Cuando una de mis fotos obtiene algún premio o alguna distinción me gusta redactar un pequeño artículo en el que revivo cómo se hizo y también cómo fue la salida en la que fue tomada. Principalmente porque suelen ser experiencias muy interesantes en sí mismas, como lo son todas las salidas al monte, pero también porque suele haber alguna que otra foto interesante que acompaña y completa a la destacada, y esta una buena manera de mostrarla.
Esta vez, aunque con un poco de retraso, no quería dejar de hacerlo.
Con motivo del rally fotográfico de la Montaña de Riaño que se celebró en otoño del 2018 pensé en volver a una montaña que me encanta. Que tiene ese no-se-qué que qué-se-yo que la hace especial. Además, me busqué para la ocasión una ayudante que me acompañara y que, por cierto, iba a vivaquear por primera vez en una cima. Toda una experiencia.
El Pico Gilbo, con 1.679 metros, es una montaña modesta en altura pero que tiene un poco de todo: una bonita aproximación entre bosques, una subida con algún tramo pindio de los de echar las manos, una cresta final bastante aérea (¡ojo con nieve!) y de remate una cima con vistas formidables. Además, su silueta recuerda inevitablemente al legendario Cervino, allá en los Alpes. Ingredientes perfectos para una salida de esas que, a poco que acompañe el tiempo, hacen afición.
Y el tiempo, aunque muy fresquito, acompañó. Una mañana de otoño nos encaminamos hacia Riaño, comimos por allí y tras saludar a algún colega palentino con el que coincidimos (un abrazo, Pixe), tiramos para arriba.
No sería correcto obviar aquí que (aun no siendo una subida complicada) nos despistamos.
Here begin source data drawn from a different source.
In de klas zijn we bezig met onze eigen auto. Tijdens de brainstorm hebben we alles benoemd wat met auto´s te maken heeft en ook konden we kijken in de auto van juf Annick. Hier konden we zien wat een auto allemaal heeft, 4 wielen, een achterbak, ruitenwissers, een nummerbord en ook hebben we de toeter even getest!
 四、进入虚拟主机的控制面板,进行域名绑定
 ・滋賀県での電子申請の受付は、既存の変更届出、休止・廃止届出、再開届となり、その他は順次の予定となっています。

No tardamos en retomar el camino correcto pero en algún momento me temí que nos íbamos a perder la puesta de sol, y prometía bonita de veras.
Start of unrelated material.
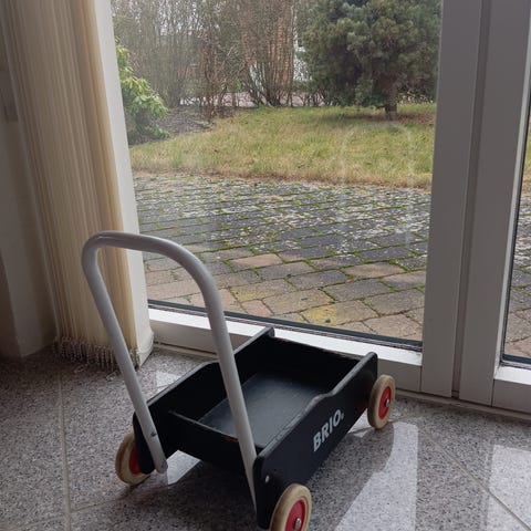 Baby Gåvogn med klodser fra BRIO for at øve at gå.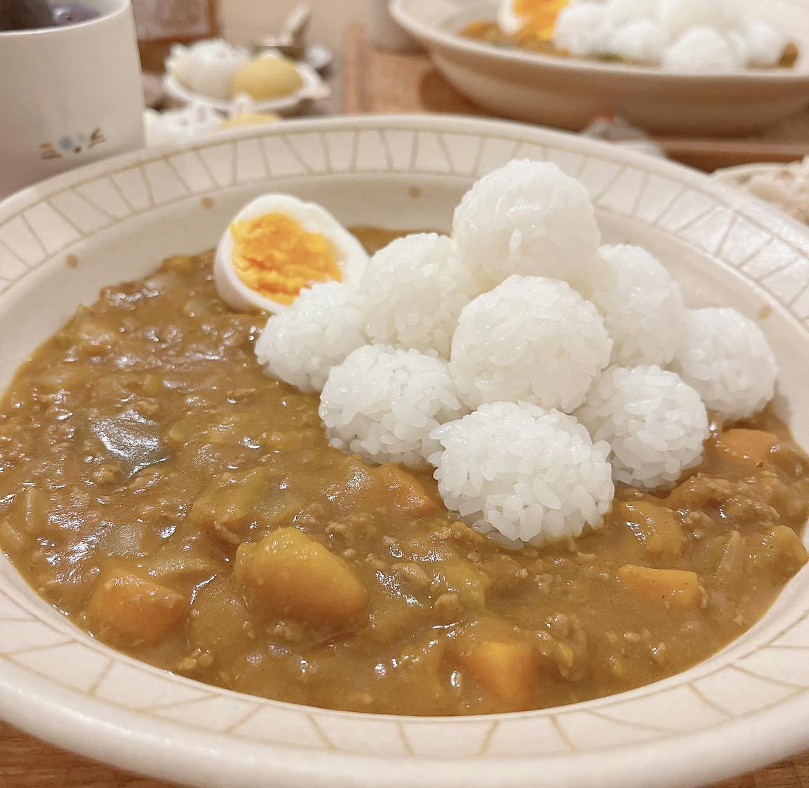 かぼちゃとひき肉のカレー甘くて美味しかったです😋 ちょっとだけお月見を意識しました🎑笑

Finalmente llegamos con el tiempo justo pero suficiente para todas las tareas habituales antes de la puesta de sol: cambiarnos de ropa y abrigarnos, preparar los cachivaches fotográficos, organizar el mini-campamento y hacer la cena.
Después de mandar saludos a casa y cenar algo caliente echamos unas fotos y nos metimos en el saco, arropados por el abrazo del viento y arrullados por el aullido de los lobos, que subía desde el fondo de algún valle. En cuanto oscureció del todo y apareció la luna me levanté a tomar unas nocturnas que tenía en mente, pero no salió nada especialmente interesante... tendré que seguir trabajando en ello. Así que en un rato me volví al calor del saco, con las esperanzas puestas en el amanecer.
En cuanto empezó a clarear, y antes de desayunar ya estábamos en funcionamiento. Las espectativas no fueron defraudadas y si el atardecer estuvo bonito el amanecer fue todavía mejor. La luz, filtrada por las brumas matinales que produce el pantano, era espléndida y estábamos en un mirador perfecto: 360º de posibles encuadres en los que, miraras donde miraras, podías ver la luz tocando las puntas de las montañas y tiñéndolas de esos tonos cálidos que contrastan con los fríos de la noche en el fondo de los valles.
Ya sólo era cuestión de elegir, así que en los pocos minutos que dura este espectáculo traté de capturar unas cuantas imágenes con la colaboración de mi ayudante en algunas de ellas.
La verdad es que me pongo muy nervioso cuando veo que está ahí el momento de la foto que tenía en la cabeza, pero es que suele ocurrir que, a la vez, en ese mismo instante y justo al lado opuesto, ves otras posibles fotos o también en otros lados si cambiaras de óptica... en fin, que fue todo un festival de luz y montañas aquella mañana en la que, entre otras, pude realizar una panorámica de varias imágenes (creo recordar que fueron siete) en la que apreciar un poco la belleza de estas tierras al oeste del Espigüete.
No fue en el certamen de fotografía de Riaño, en el que contó con opciones pero finalmente se quedó fuera, sino al año siguiente en el Certamen de Fotografía del NATURCYL 2019 (Feria de Ecoturismo de Castilla y León), cuando esta panorámica resultó elegida por el jurado para el primer premio en la Categoría de Paisaje Castellano-leonés.